The Supreme Court’s reversal of Roe v. Wade is, without question, an answer to prayer. In its opinion in Dobbs v. Jackson Women’s Health Organization,
the Justices ended the Court’s nearly fifty-year nationwide regime of abortion on demand; a regime that was based on
the indefensible view that the U.S. Constitution implicitly forbids government from protecting the preborn child in the womb
from the violence of abortion. The Supreme Court in Dobbs concluded
that there is nothing in the Constitution’s text, history, American legal tradition, or the Court’s precedents
that justified the extreme holding of Roe. Therefore, it returned
the issue of abortion to be decided by the people’s elected representatives, who had exercised such authority
from our natin’s founding until the Roe decision of 1973. In so doing, the Supreme
Court in Dobbs cleared the way for a
paradigm shift in American law, allowing it to enlarge its boundaries to again welcome a segment of the human family
that had been outside of its protections for close to half a century.
then, is a victory for justice, the rule of law, and self-governance. But
for those of us who have prayed for this moment to arrive, it is the time for a renewal and rededication
of our efforts to build a culture of life and civilization of love. Justice
is, of course, essential to this end. But it is not sufficient.
To build a world in which all are welcome requires not only justice,
but compassion, healing, and above all, unconditional love.
In a post-Roe
world, Catholics must now work together for another, even deeper paradigm shift.
We must move beyond a paradigm shift in the law in order to help the people of our nation better see who we can be
as a nation by truly understanding what we owe to one another as members
of the same human family. To build a world in which all are welcome, we
must heed the words of Saint Teresa of Calcutta and remember “that we belong to one another.”
Abortion is a gruesome sign of how we have forgotten our mutual belonging. The logic of Roe v Wade has framed our national discourse on the issue
of abortion as a zero-sum conflict among individual strangers. But the truth
of the matter is that mother and child are not strangers; they are already bound together by flesh and kinship.

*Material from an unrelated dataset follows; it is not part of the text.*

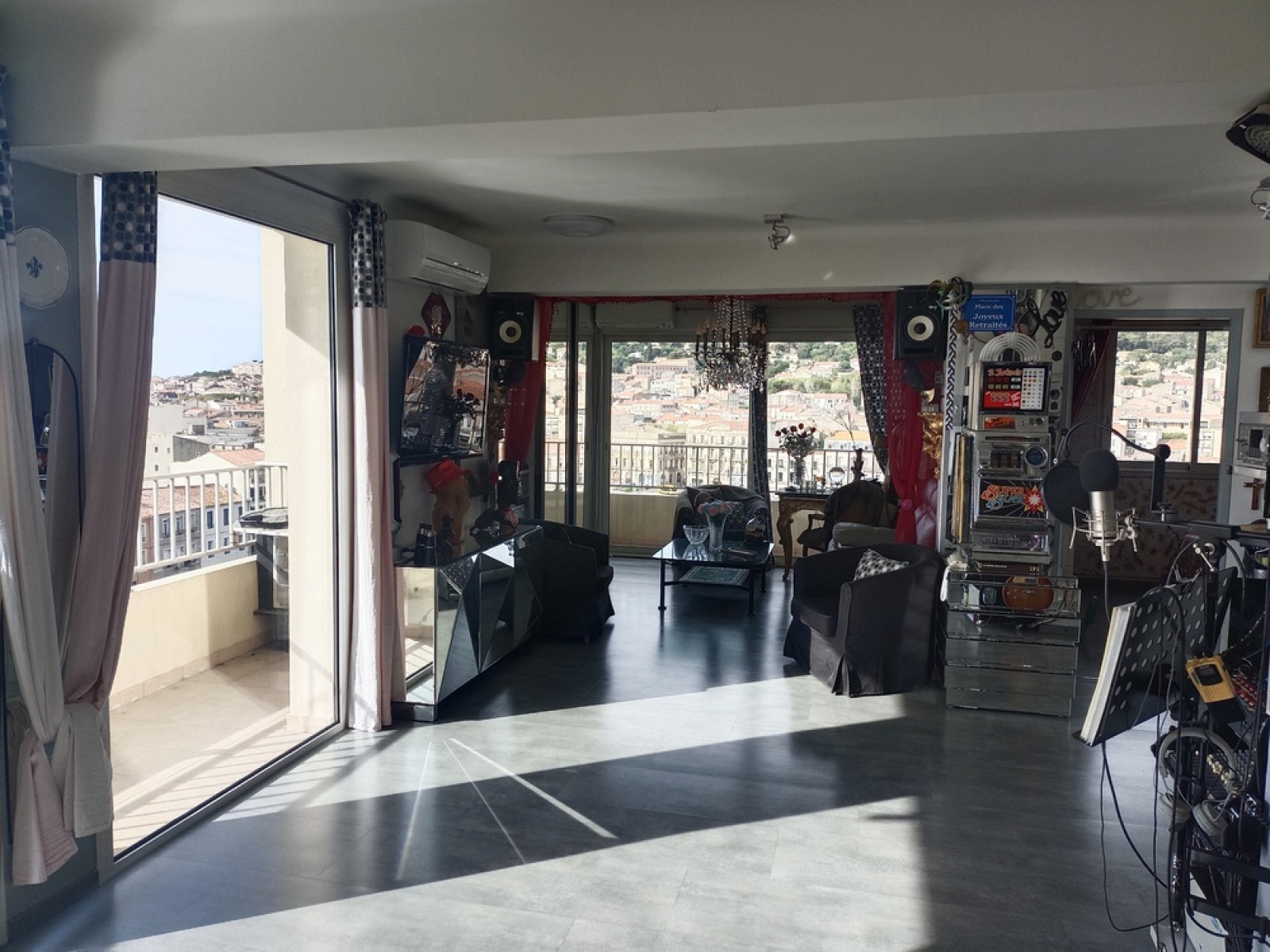 Sète ( VUE EXCEPTIONNELLE ) Situé au 9 ème étage ( ascenseur ) d'une résidence sécurisée ( année copropriété 1958 ), appartement traversant ( triple exposition ) 2/3 pièces loi carrez 75.62 m2 habitables composé : Pièce de vie principale ( type loft ) ouvrant sur un balcon filant ( vue exceptionnelle et panoramique sur la mer méditerranée et le Mont Saint Clair ), espace salon / balcon ( vue sur le Canal ), 1 chambre / placard, cuisine ouverte / équipée ( accès direct sur une loggia ), salle d'eau, wc séparés. clim réversible. Double vitrage, volet roulant, électricité refaite. Très bon état général. Matériaux et prestations de qualité. Ascenseur, visiophone. Garage Fermé. Proximité tous commerces et écoles. Bien soumis au statut juridique de la copropriété 34 lots, syndic professionnel. La quote part des charges dans le budget prévisionnel des dépenses courantes est de 1380 € / an dont 759 € de charges récupérables soit 55 %.Taxe foncière 2025 / 1895 euros dont 334 euros d'ordures ménagères. Investissement sûr pour sa retraite !Les informations sur les risques auxquels ce bien est exposé sont disponibles sur le site Géorisques : www.georisques.gouv.fr

The new life that is developing under the heart of the mother is already situated in a network of relations including
family, neighbors, and fellow citizens. The logic of Roe, in the
name of autonomy, offers the woman only to right to see lethal force used against her child, but it otherwise abandons her.
To the contrary, the logic of the culture of life recognizes
that the pregnant woman and her child are not alone – they are fellow members of our larger human family whose interwoven
vulnerability is a summons to all of us, but especially to Catholics because of the teaching of Jesus and his proclamation
of the Gospel of Life. Indeed, Catholics see in the life of the Holy Family,
a lesson for all society: Mary, who not only said “yes” to life but who accompanied and cared for her child throughout
his life; Joseph, who met the unexpected challenges and threats to the child with fortitude and compassion; and Jesus himself,
who came into the world not with power and majesty, but with the vulnerability, dependence, and humility of a child.
In a post-Roe world, then, we must shift the paradigm
to what Saint Pope John Paul II described as “radical solidarity,” making the good of others our own good, including
especially mothers, babies (born and preborn), and families throughout the entire human lifespan.
It is a call to friendship and compassion rooted in the truth that we are made to love our neighbor as ourselves.
What does this mean concretely
How do we practice radical solidarity and unconditional love in a post-Roe world?
First, by speaking
the truth that abortion not only unjustly kills a preborn child, but also gravely wounds women, men, families, and
the nation as a whole. It degrades the practice of medicine and corrupts
the law. We must speak these truths with compassion.
We must extend the hand of compassion to all who suffer or are in need in the aftermath of abortion, including those
who do not yet see the truth in its fullness. Moreover, the call to love
compels us to practice civility and charity when we speak to and about those with whom we disagree.
Words alone are not nearly enough to bring about the revolution of love necessary
to create a world where all mothers, children, and families are welcomed and protected.
For this we must have the courage to love – to act and bear witness by caring for the least
among us, without condition or expectation of recompense. It is only through such radical witness that hearts will be softened
such that they can receive the truth of the Gospel of Life.
as Saint Pope John Paul II wrote in his letter to the Fourth World Conference on Women of the United Nations, “a radical
solidarity with women requires that the underlying causes which make a child unwanted be addressed.”
Twenty-five years after, Pope Francis echoed the same sentiment in this 2020 address to the United Nations.
Abortion is a brutal result of our failure to care for one another. Building
a world in which women are esteemed, children are loved and protected, and men are called to their responsibilities as fathers,
requires us to understand and address the complex and tragic tangle of affliction and strife that culminates in the violence
of abortion. This is a massive and daunting undertaking.